This is at once a fascinating and deeply unsatisfactory account of contemporary Japanese politics from the early 1990s to 2013. Tomohito Shinoda’s two previous monographs have been about the Japanese prime minister—Leading Japan: The Role of the Prime Minister (Praeger, 2000)—and national security policy under Prime Minister Koizumi Jun’ichirō, Koizumi Diplomacy: Japan’s Kantei Approach to Foreign and Defense Affairs (University of Washington Press, 2007). What he offers us here covers the main domestic political developments of the last 35 years focusing on the events in Nagata-cho. His goal is to explain how institutional changes have shifted the locus of policymaking among and between bureaucrats, the legislature, and the executive, mainly the prime minister and his cabinet.

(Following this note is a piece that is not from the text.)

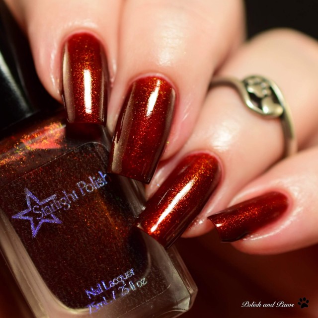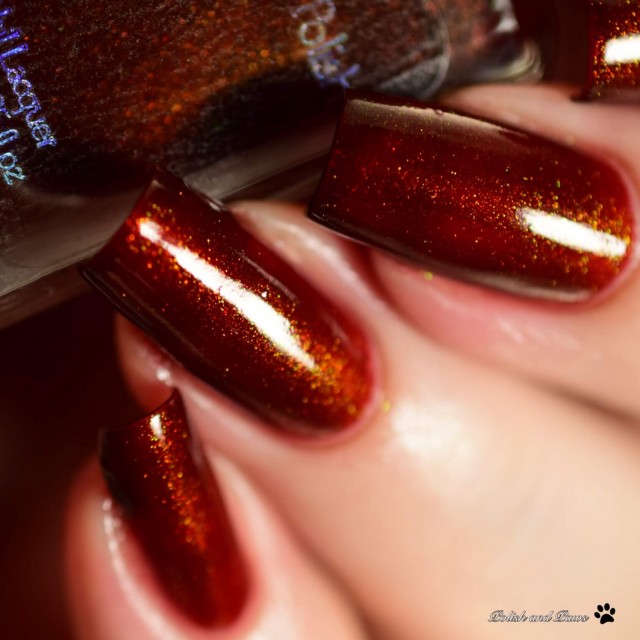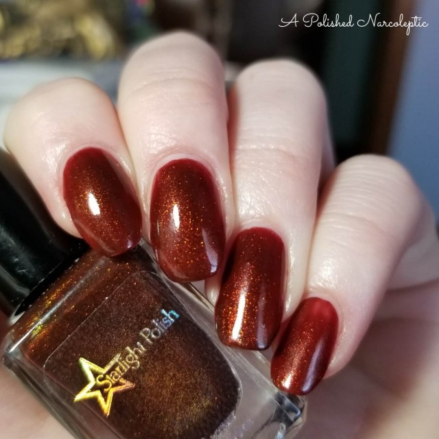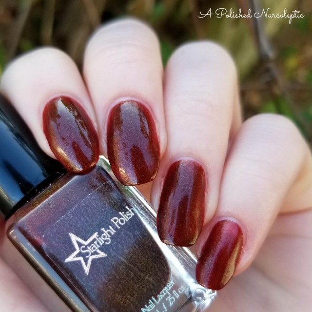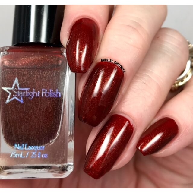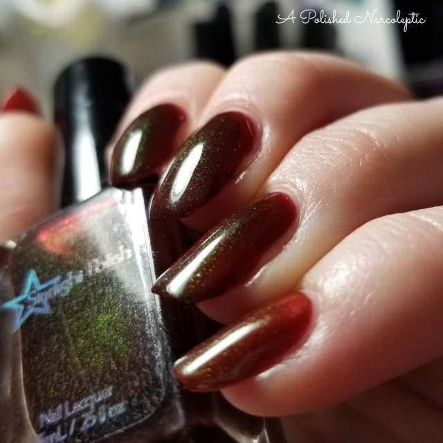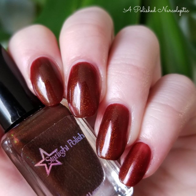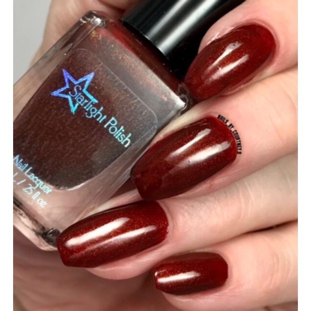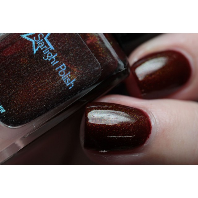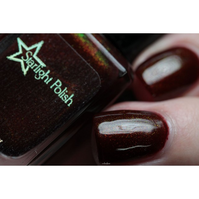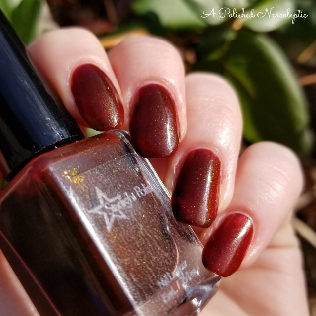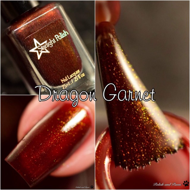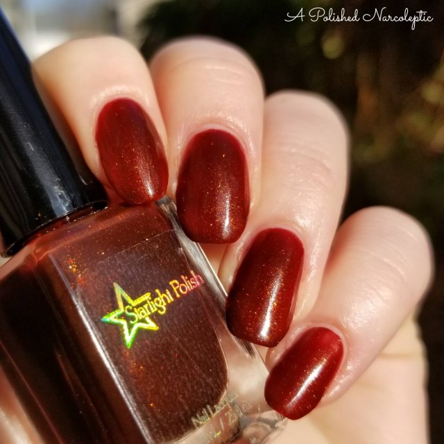 Dragon Garnet is a color shifting shimmer nail polish. It is a dark red jelly base with shimmer that shifts from bronze gold to green, and flashes orange and teal at the extremes of its color range.

The account helpfully begins with a brief—too brief for my taste—review of previous studies in this area, mainly work produced by U.S. colleagues or at least published in English. Then he devotes 35 pages to his characterization of what is often referred to as the “1955 System” in which the Liberal Democratic Party (LDP) dominated the political system. The growth of formal and informal institutional support that was the base of LDP dominance—kōenkai, factions, money politics, and zoku—is a story often told but he adds some telling detail here. There is mention, for example, of the handbook produced and sold by the LDP headquarters on how to create and maintain a kōenkai and statistics detailing the number of year-end and New Year parties, weddings, and funerals an average LDP Diet [End Page 183] member attended in 1989–116.0, 6.6, and 26.5 respectively. (The details of the income and expenditure of LDP members in their constituencies at this time is something I have never before seen in English-language accounts of this period.) It explains a lot about how national politics actually worked at the time and what the changes were aimed to reform.

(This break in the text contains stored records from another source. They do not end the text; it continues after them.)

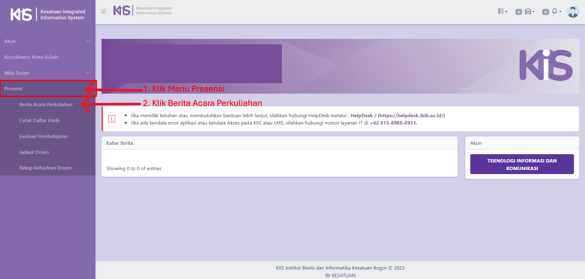 - Pertama, Klik Menu Presensi, Setelahnya Klik Berita Acara Perkuliahan.
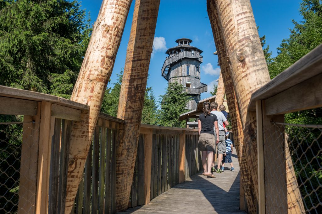 Kindergeburtstag einmal anderes feiern – in luftigen Höhen (40 Meter)! Ein Betreuer begleitet die Partygäste während der Feier am Baumkronenweg für ca. drei Stunden. Dieser Erlebnisweg zeigt ganz andere Perspektiven auf, 30 Stationen laden zum Spielen ein und vermitteln ganz nebenbei Wissenswertes zum Thema Wald. Auch der Kinderspielplatz mit Riesenrutsche und das gemütliche Würstelgrillen am Lagerfeuer werden alle Kids begeistern.
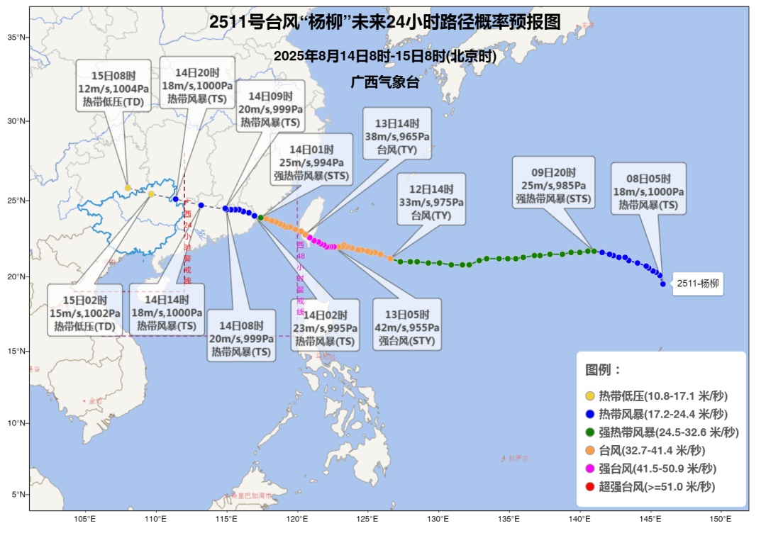 广西气象台透露,预计台风“杨柳”14日夜间将以热带低压强度从全州到富川一带进入广西。
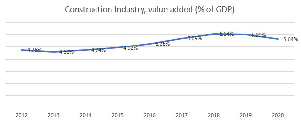 Figure: Construction Industry Value Added to GDP In Mexico, 2012-2022
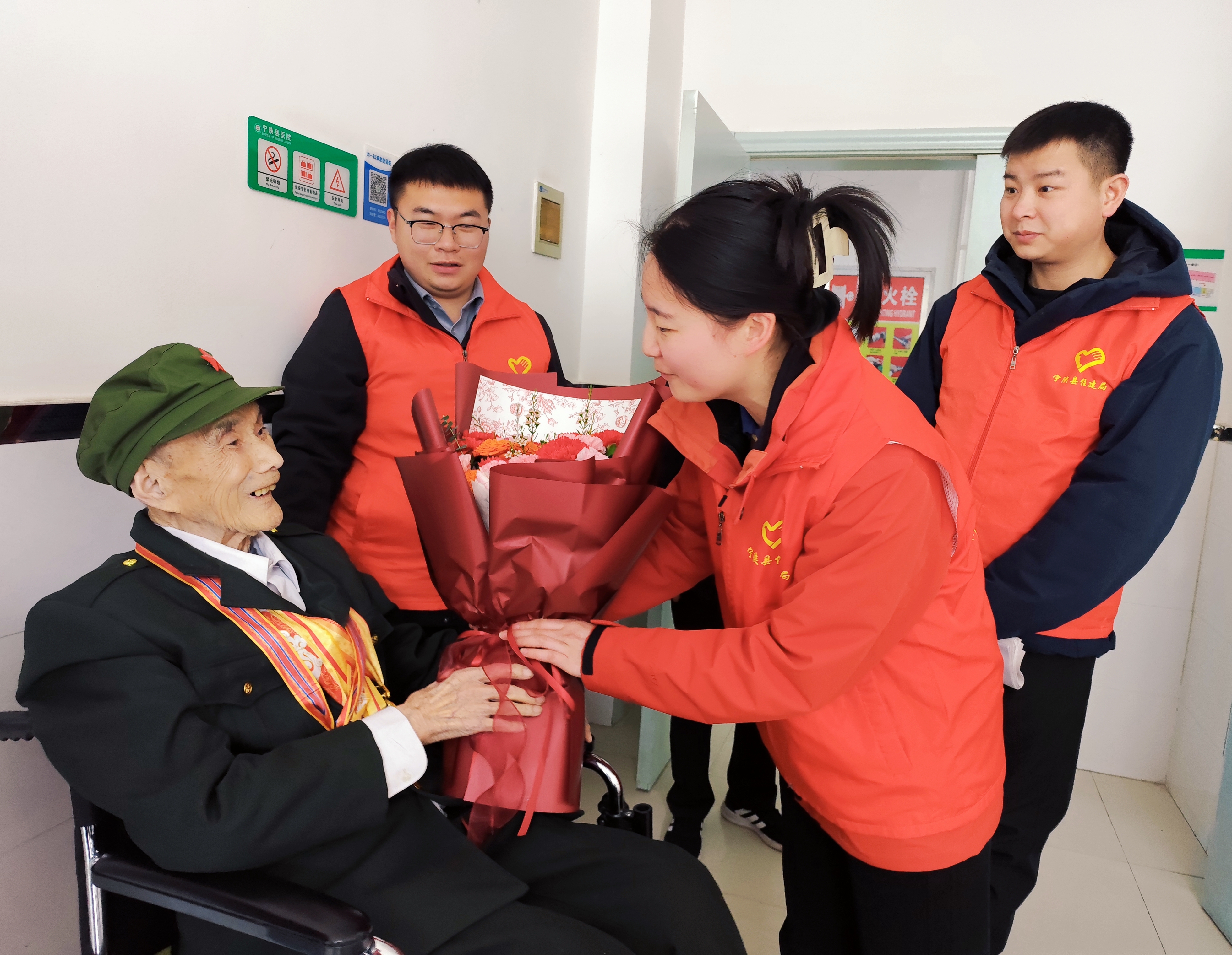 活動現場暖意融融,志愿者圍在老人身邊,促膝長談、噓寒問暖,細心詢問其飲食起居和身體狀況,認真傾聽那段浴血奮戰(zhàn)的革命故事。“老人飲食清淡,精神狀態(tài)一直很好。”護理人員李娟介紹,老人性格開朗,時常給大家講述戰(zhàn)場事跡,傳遞著滿滿的正能量。

However, the main meat of the book begins in chapter 2 with a narrative that takes us from the Recruit scandal of 1988–89 to the death of Obuchi Keizō some ten years later. This is followed by an excellent account of Koizumi’s prime ministership—how he got into power and what he did with that position. There is a brief pause as Shinoda returns to the 1990s to discuss consequences of the electoral reforms of 1994 that, among other things, permitted the emergence of the Democratic Party of Japan (DPJ) and the development of what seemed to have become a two-party system by 2009. Then back to the narrative, first of Hatoyama Yukio’s period as premier and his “anti-bureaucratic stance,” followed by Kan Naoto’s “struggle in government.” Finally, he spends a few pages summarizing Noda Yoshihiko’s 15 months in power and the first months of Abe Shinzō’s second administration. Once again there is impressive and fascinating detail here in his explanation of how some of the key policies were made, sometimes following policy formulation day by day. Indeed, when describing Prime Minister Murayama Tomiichi’s execrable crisis management on the day of the Kobe earthquake in January 1995, he follows the action hour by hour. For those interested in how Japanese politics works, even those fairly familiar with the story being told, there are fresh nuggets of information on almost every page.

So why on completion of the book does one have the feeling that the whole amounts to less than the sum of the parts? In part, this is because of the failure of the final 20 pages to bring the book’s argument together. I suspect the main manuscript was completed at the end of 2012 and a couple of pages were then added to summarize Noda’s time in power—giving him much less space than his two predecessors despite the fact that he was prime minister...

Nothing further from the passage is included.